从泰坦尼克来做数据分类预测

泰坦尼克空难简介:1912年4月15日,载着1316号乘客和891名船员的豪华巨轮“泰坦尼克号”与冰山相撞而沉没,这场海难被认为是20世纪人间十大灾难之一。1985年,“泰坦尼克号”的沉船遗骸在北大西洋两英里半的海底被发现。美国探险家洛维特(比尔·帕克斯顿 饰演)亲自潜入海底,在船舱的墙壁上看见了一幅画,洛维持的发现立刻引起了一位老妇人(格劳瑞亚·斯图尔特 饰演)的注意。已经是101岁高龄的露丝称她就是画中的少女。在潜水舱里,露丝开始叙述当年在船上发生的故事。年轻的贵族少女露丝(凯特·温丝莱特 饰演)与穷画家杰克(莱昂纳多·迪卡普里奥 饰演)不顾世俗的偏见坠入爱河,然而就在1912年4月14日,一个风平浪静的夜晚,泰坦尼克号撞上了冰山,“永不沉没的”泰坦尼克号面临沉船的命运,罗丝和杰克刚萌芽的爱情也将经历生死的考验,最终不得不永世相隔。老态龙钟的罗丝讲完这段哀恸天地的爱情之后,把那串价值连城的项链“海洋之心”沉入海底,让它陪着杰克和这段爱情长眠海底。

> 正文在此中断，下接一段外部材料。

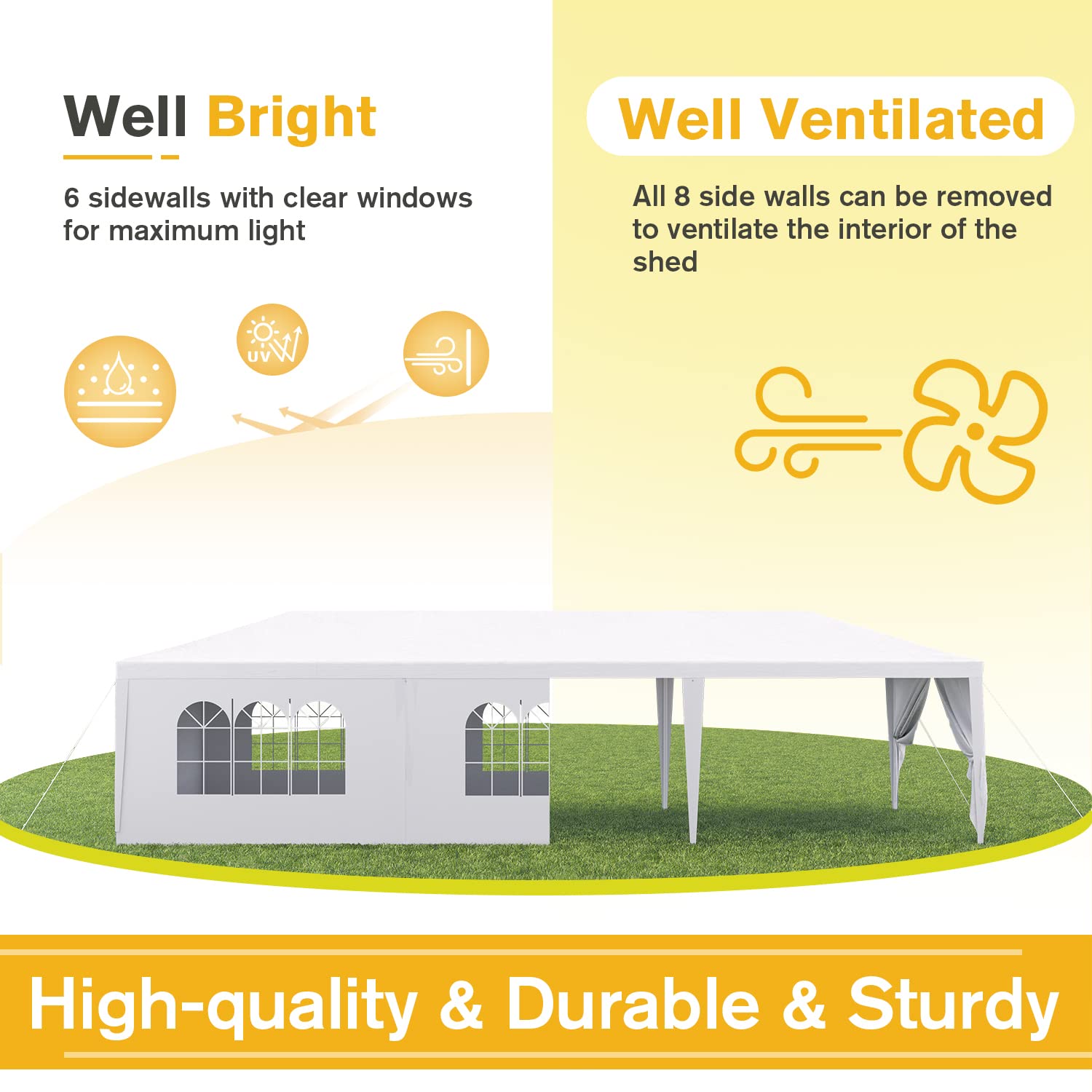 - [ Easy Assembly ]: The outdoor party tent is designed for easy installation without the need for complicated screw fixing or additional tools, allowing you to set it up quickly.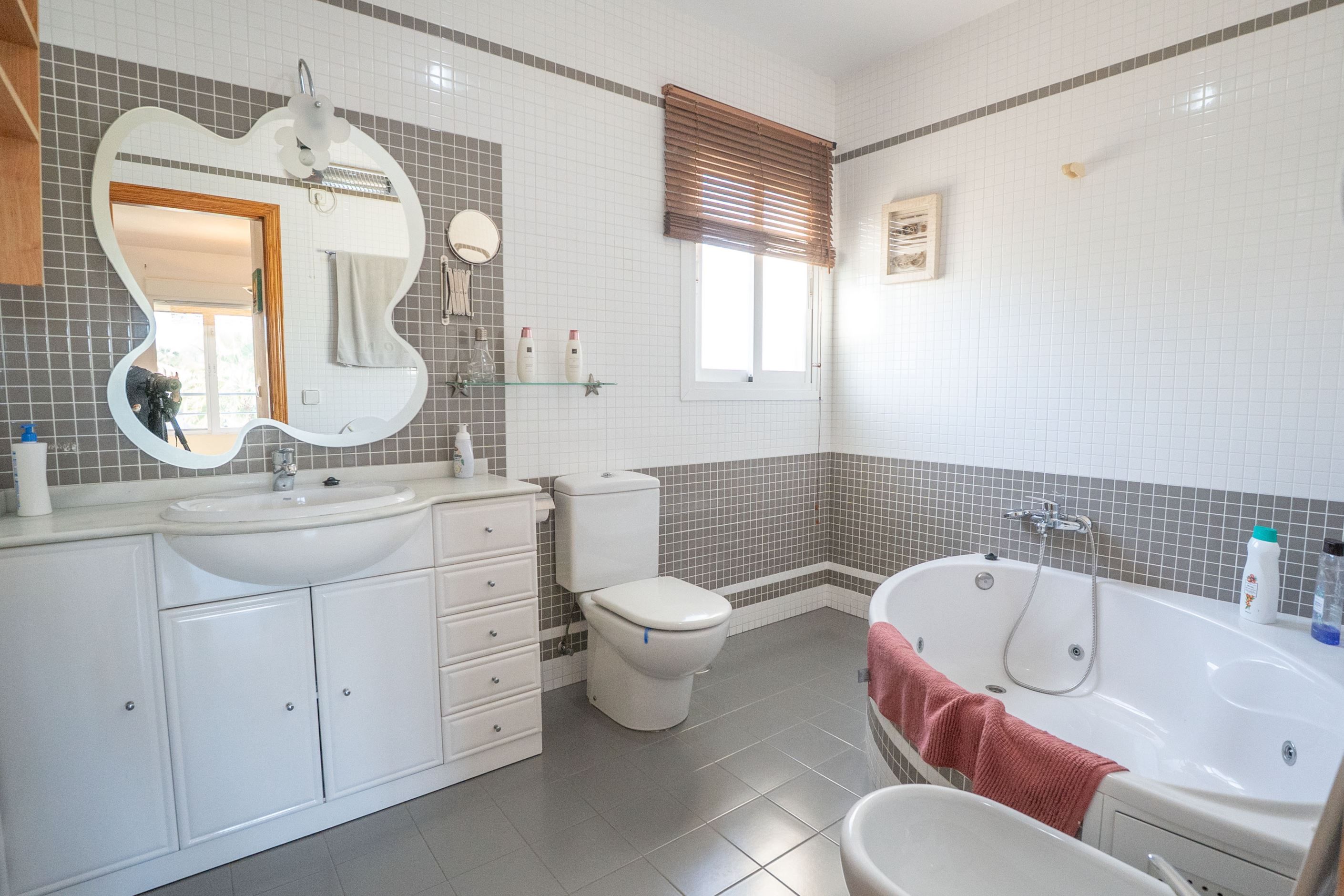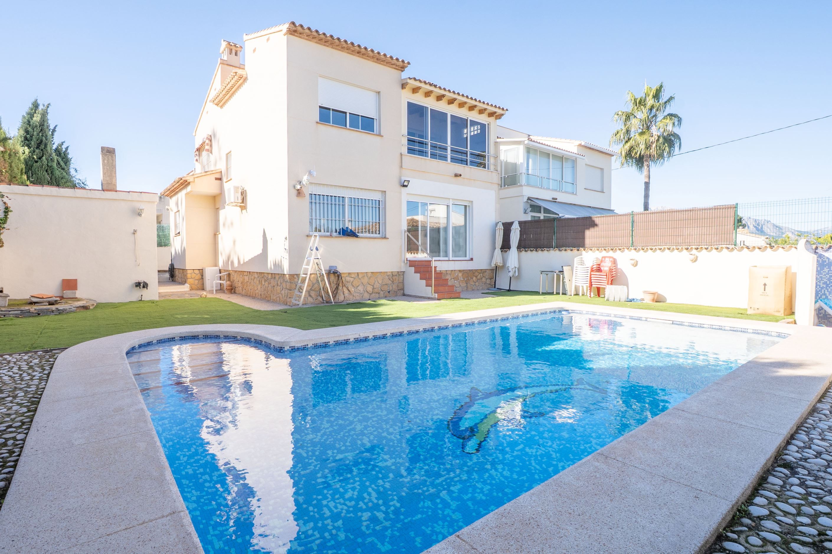 Denna välskötta villa är belägen i Albir och erbjuder fri, öppen utsikt i ett lugnt och trevligt bostadsområde. Fastigheten är byggd år 2003 och ligger på en tomt om 495 m² med en total byggyta på 240 m². Huset har tre rymliga sovrum och tre badrum, vilket gör det väl lämpat både som permanentbostad och semesterboende. Den östliga orienteringen ger ett behagligt morgonljus i bostaden.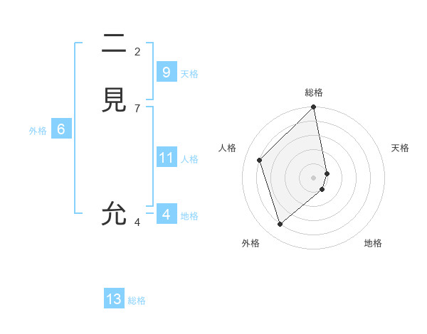 二見 允さんの総格は13画の5点!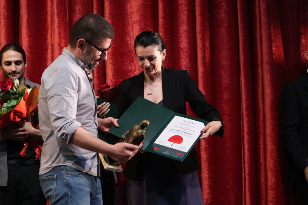 – Медеја го има само насловот и сите референци што ги носи текстот на Еврипид, но оваа Медеја е млад човек во странска земја кој се соочува со денешни реални проблеми и токму поради тоа е големината на оваа претстава. Среќна сум што ја добив наградата која доаѓа во мој тежок животен период – рече Чоревска.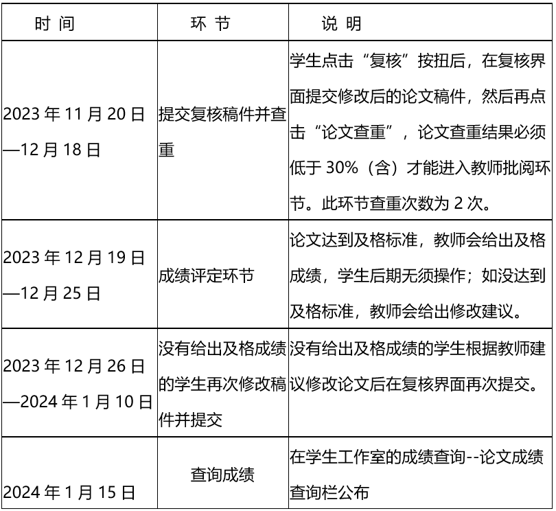 1. 2023年秋季及之前学期毕业论文成绩未及格的或超过两次未完成写作的在籍同学均需参加论文复核。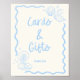 The charming handwritten font creates a fun and relaxed vibe, inviting guests to join in the festivities. The soft sky blue and off white colour scheme evokes the serene beauty of the coast, while the playful design elements ensure that your welcome sign stands out.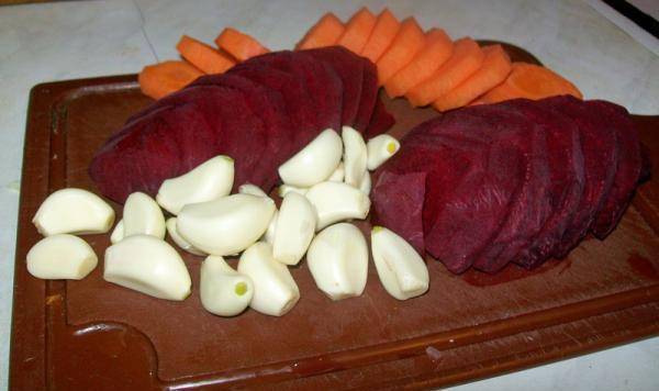 Las zanahorias y las remolachas se cortan en la forma que desee, el ajo se pica con una trituradora. Los pimientos de ambas variedades se cortan en pequeños aros.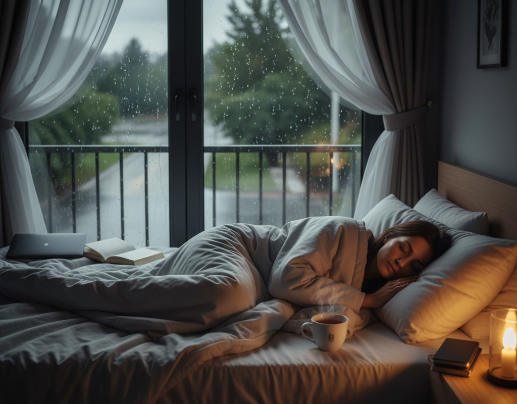 Selain itu, ketika hujan turun, aktivitas luar ruangan biasanya berkurang. Tidak ada lagi suara kendaraan yang ramai, orang-orang berlalu lalang, atau aktivitas konstruksi. Lingkungan yang lebih tenang ini mendukung tubuh untuk beristirahat.

这是一部我看过很多次的电影,虽然时间很长,但的确是非常耐看。Kaggle上有相关的数据,请见网址 https://www.kaggle.com/c/titanic,他提供的训练数据主要有以下特征,乘客ID'PassengerId',是否获救 'Survived',乘客分类 'Pclass',姓名 'Name',性别 'Sex',年龄 'Age', 有多少兄弟姐妹/配偶同船,'SibSp', 有多少父母/子女同船,'Parch', 票号,'Ticket', 票价,'Fare', 客舱号,'Cabin', 'Embarked'出发港,根据这些训练数据训练模型,来判断测试数据中的乘客是否获救了,测试数据和训练数据相比就是只少了是否获救 'Survived'这一列。

解决问题的思路:先处理训练数据,如处理缺失数据,对乘客分类,性别,发出港口做LableEncoder,然后选择合适的分类模型做训练,再根据训练的模型对测试数据做获救预测,然后提交预测结果获得预测得分。

下面贴部分代码及运行结果截图

def get_process_train_data():
    train_data,target_data = get_raw_data()
    #用来对此列缺失数据做填充
    embarkeds = train_data.groupby('Embarked')['Embarked'].count()
    logging.debug(embarkeds)
    # 对Pclass,Sex做处理
    train_data_value = train_data.values
    pclass_le = LabelEncoder()
    train_data_value[:, 0] = pclass_le.fit_transform(train_data_value[:, 0])
    sex_le = LabelEncoder()
    train_data_value[:, 1] = sex_le.fit_transform(train_data_value[:, 1])
    #Embarked用缺失数据,需要先填充缺失数据再做LabelEncoder
    embarked_le = LabelEncoder()
    train_data_value[:, 6] = embarked_le.fit_transform(train_data_value[:, 6])
    #根据Info信息,age有缺失值,使用平均值代替
    imr = Imputer(missing_values='NaN', strategy='mean', axis=0)
    imr = imr.fit(train_data_value)
    train_data_value = imr.transform(train_data_value)

    target_data_value = target_data.values.astype(np.int32)
    #result_le = LabelEncoder()
    #data_result_value = result_le.fit_transform(data_result_value)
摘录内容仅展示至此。